RNA-Seq read simulator that offers a wide range of parameter options.

Brought to you by: john-archer

quickstart

Back
1. Obtaining CSReadGen

1.1 A zip file (CSReadGen.zip) containing CSReadGen.jar, license, sample data and quick start can be downloaded from the Files tab of the sourceforge url: https://sourceforge.net/projects/csreadgen/.

1.2 CSReadGen has been tested on Ubuntu 20.04, Windows 10 and MacOS High Sierra, but it is usable on any operating system with installed Java Runtime Environment (JRE) 8.0 or higher. To find out what version of Java is running open a terminal window and type java -version. If an update is required the latest JRE's can be obtained from the Oracle website: https://www.oracle.com/java/technologies/javase-downloads.html

1.3 Extract the contents of the zip file and place the jar within the desired directory. Make sure permissions are set on this file so that it can be executed. To do this right click and use the properties tab OR chmod the file (sudo chmod +x).

2. Running CSReadGen

2.1 Although there are many parameters for CSReadGen, the basic command to generate one million read pairs is:

java -jar CSReadGen.jar -refset path-to-ref-set -outdir path-to-out-dir

The various parameter options can be used to generated reads more specific to the users requirements. For example:

(i) To increase the number of reads created use the -no_of_rds parameter:

java -jar CSReadGen.jar -ref_set path-to-ref-set -out_dir path-to-out-dir -no_of_pairs 5000000

(ii) To generate multiple replicates use the -reps parameter e.g:

java -jar CSReadGen.jar -ref_set path-to-ref-set -out_dir path-to-out-dir -no_of_pairs 5000000 -reps 5

(iii) To label each of these replicates with a condition indicator use the -ctag parameter e.g.:

java -jar CSReadGen.jar -ref_set path-to-ref-set -out_dir path-to-out-dir -no_of_pairs 5000000 –reps 5 -ctag condA

(iv) To select 1000 random transcripts for over expression across the conditions use:

java -jar CSReadGen.jar -ref_set path-to-ref-set -out_dir path-to-out-dir -no_of_pairs 5000000 –reps 5 -ctag condA -rnd_ovr_exp 1000

Each of these examples can be made more specific through the use of additional parameters such as those that specify the level of over expression required (-over_exp_lfactor and -over_exp_hfactor) and those that specify the level of general background variation within read counts between replicated (-vlow and -vhi parameters). All parameters are described below:

-no_of_pairs: Indicates the number of pairs to be simulated. The number of pairs created will be very slightly below the value specified. This is because initially read coverage is evenly distributed across all reference sequences present within the reference set, after which any user specified levels of over expression and variation are accounted for. The final numbers of pairs required for each template within the reference set is then normalized based on the value of the –no_of_pairs parameter, where for each template this is rounded down to the nearest integer. Default value: 1000000, maximum value: 100000000 and minimum value: 10000.

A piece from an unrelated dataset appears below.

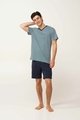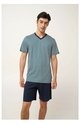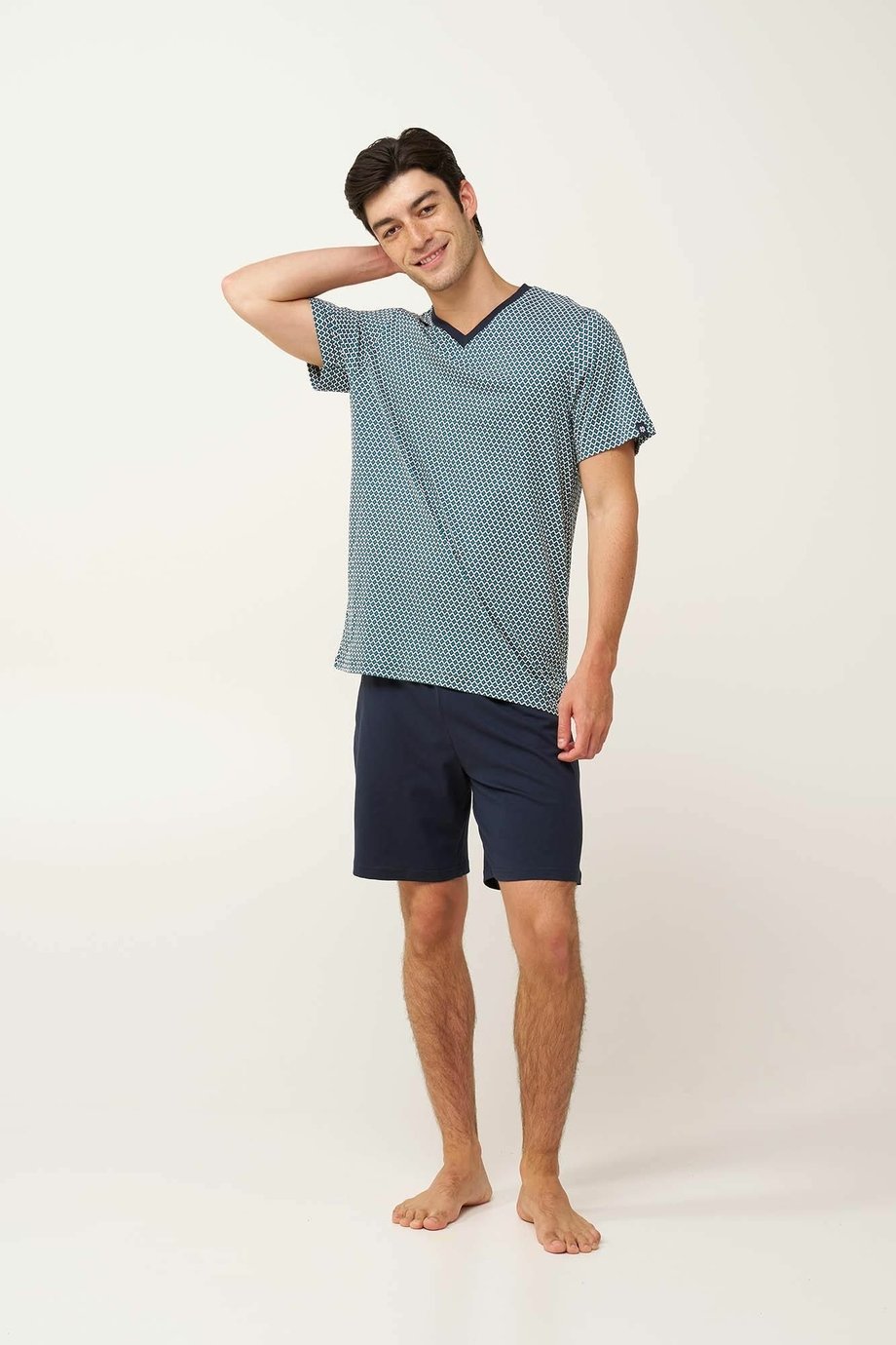 Pohodlné krátké pánské bavlněné pyžamo VAMP s výstřihem do V pro kvalitní spánek a volný čas. Na jednobarevných kraťasech je zadní kapsa. Horní díl je zdobený originálním tiskem a výstřih je kontrastně lemován.

-reps: Specifies the number of reps to be created. Reads between replicate datasets share overall identity, as they are generated off the same reference set, but count values differ within: (i) the range of background variation (as specified by–vlow and -vhi), (ii) differentially expressed transcripts (if specified by either -rnd_ovr_exp or -usr_ovr_exp) and (iii) mismatch and indel error rates (if specified by -err_mis, -err_del and/or -err_ins). Default value: 1, maximum value: 100 and minimum value: 1.

-ctag: a piece of text that will be added as a label to the read files e.g. condition. If reps are specified, rep number is added automatically, in this case ctag is in addition to rep number.

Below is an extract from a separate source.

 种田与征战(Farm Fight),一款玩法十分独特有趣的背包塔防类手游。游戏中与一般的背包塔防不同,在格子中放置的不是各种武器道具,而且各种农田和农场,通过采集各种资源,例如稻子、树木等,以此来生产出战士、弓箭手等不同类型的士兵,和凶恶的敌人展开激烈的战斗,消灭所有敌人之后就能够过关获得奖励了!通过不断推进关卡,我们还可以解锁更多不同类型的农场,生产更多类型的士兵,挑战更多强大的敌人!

-gen_div: The proportion of sites that will be selected for random variation sequences within the reference set. For example if 0.1 is the parameter, 10% of the sites within the reference sequences will be selected for random nucleotide alteration, after which the altered sequences will be used for read simulation. Default value: 0.0, maximum value: 1 and minimum value: 0.0.

-vlow: Defines the lower limit allowed on the background variation present within uniform read coverage across reference sequences. For a given reference, the required number of reads are initially calculated in a manner to provide even coverage relative to all other reference sequences. Then for each specific reference within the reference set the number of reads required is increased by an amount that falls randomly between this and the corresponding upper bound (-vhi). Once this has been done for all sequences within the reference set, the actual numbers of reads required are re-normalized in accordance to the user specified number of required reads (-no_of_rds). Default value 0.1: maximum value: 1.0, minimum value 0.0.

-vhi: Defines the upper limit allowed on the background variation seen in read counts as described for (-vlow). Default value 0.2: maximum value: 1.0, minimum value 0.0.

-ref_set: Specifies the path to the file containing the set of reference sequences from which reads will be simulated. This file must be in fasta or fasta.gz format and this is indicated by the –gz parameter where the default is false.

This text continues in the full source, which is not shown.